Laevapex vazi

Scientific classification
- Domain: Eukaryota
- Kingdom: Animalia
- Phylum: Mollusca
- Class: Gastropoda
- Superorder: Hygrophila
- Family: Planorbidae
- Genus: Laevapex
- Species: L. vazi
- Binomial name: Laevapex vazi Santos, 1989

= Laevapex vazi =

- Authority: Santos, 1989

Species of gastropod

Laevapex vazi is a species of small, freshwater, air-breathing limpet, an aquatic pulmonate gastropod mollusc or micromollusc in the family Planorbidae, the ram's horn snails and their allies.

==Etymology==
The species name honours Dr. Jorge Faria Vaz of the Superintendency of Control of Endemic Diseases (SUCEN) of the state of São Paulo.

==Taxonomic note==
At the time of the original species description its characteristic features of a smooth shell apex and an ejaculatory complex without a flagellum fitted better in the description for the genus Laevapex; however, the species is in need of taxonomic revision for the establishment of its true identity, since its shell and musculature do not fit in the characteristics of the genus.

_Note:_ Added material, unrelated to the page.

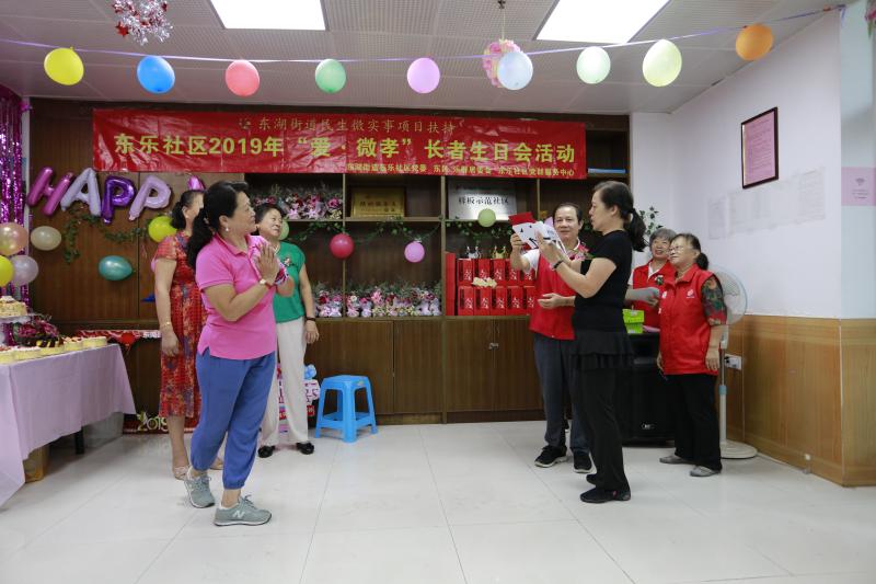 2019年9月19日9点半,东湖街道民生微事实项目扶持的“爱·微孝”东乐社区长者生日会第二十场,在东乐社区老年人星光之家开始了。

== Geographic distribution ==
L. vazi is only known from its type locality, Ourinhos, São Paulo, Brazil.

== Description ==
L. vazi has a thin, diaphanous shell, with an oval or elliptical aperture. The apex is rounded, slightly projected and bent to the right, reaching the edge of the shell or extending beyond it. The protoconch shows a shallow apical depression and appears smooth under optical microscopy. The teleoconch shows fine growth lines and rare, almost imperceptible radial lines. The mantle pigmentation is concentrated on the left side. The right anterior muscular impression is larger than the left one and has an elliptical, almond-like form, while the anterior left and posterior ones are rounded. The pseudobranch is two-lobed and folded, the dorsal lobe being smaller than the ventral one. The rachidian tooth of the radula is quadricuspid, with the middle left cusp longer than the right one. In the lateral teeth, the mesocone is slightly more elongated than the others. The ovotestis has about 20 follicles. The seminal vesicle is located in the initial third of the ovisperm duct. The prostate is pear-shaped and has no follicles. The ejaculatory complex is small, without a flagellum but with a well developed ultra-penis and penis.